March 31 (Sunday, 4 PM)
Winter Sleepers (Germany, 1997)
Jewish Educational Alliance (5111 Abercorn St.)
tickets: $10 (cash only)
Box office opens at 3:30. The film will start promptly at 4.
Set in a small snowbound Alpine resort between Christmas and New Year, the film traces the relationships among five characters whose circumstances and actions set in motion a riveting meditation on fate and chance, memory and identity, and life's ironies that (ironically) only we (and not the characters) can see. In German with English subtitles. 120 minutes.
"Winter Sleepers isn't a breezy, pop-art confection like Run Lola Run, which played out a frantic action scenario in three successive versions, but rather a low-key meditation on destiny and its sly, unrelenting power. Like Krzysztof Kieslowski, the late Polish director whose films were immersed in notions of destiny and spiritual connection, Tykwer (whose Heaven was originally a Kieslowski project) embraces the idea that we're all linked to one another.
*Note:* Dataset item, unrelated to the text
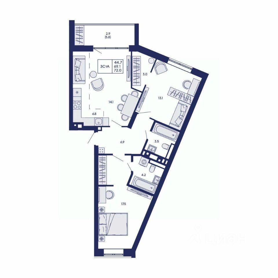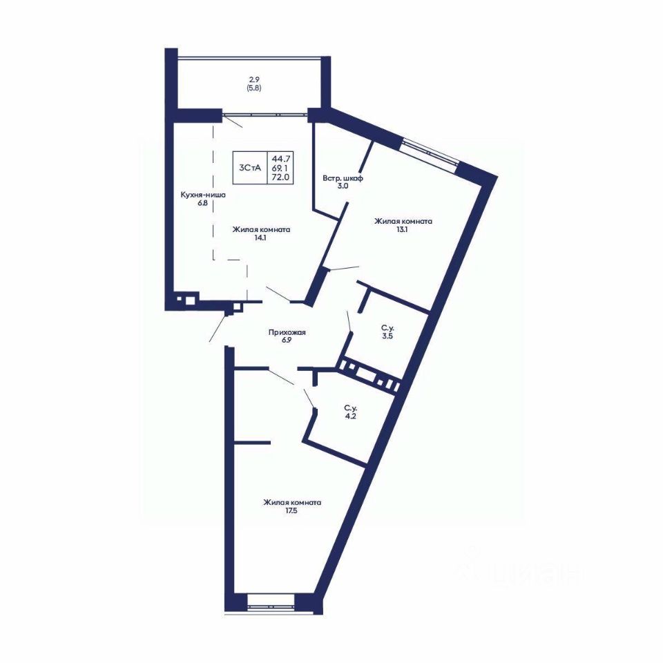 Общая площадь72 м2

Life and happenstance, he suggests, are a series of interdependent chain reactions: none of us is ever alone, no matter how fiercely we might deny that fact. But there's another factor at work here. Unlike Kieslowski, Tykwer is a complete movie animal: a filmmaker, like Spielberg or Lucas, so thoroughly submerged in cinema, and so knowledgeable of past films and directors, that his work is in constant dialogue with the traditions and idioms he reflects....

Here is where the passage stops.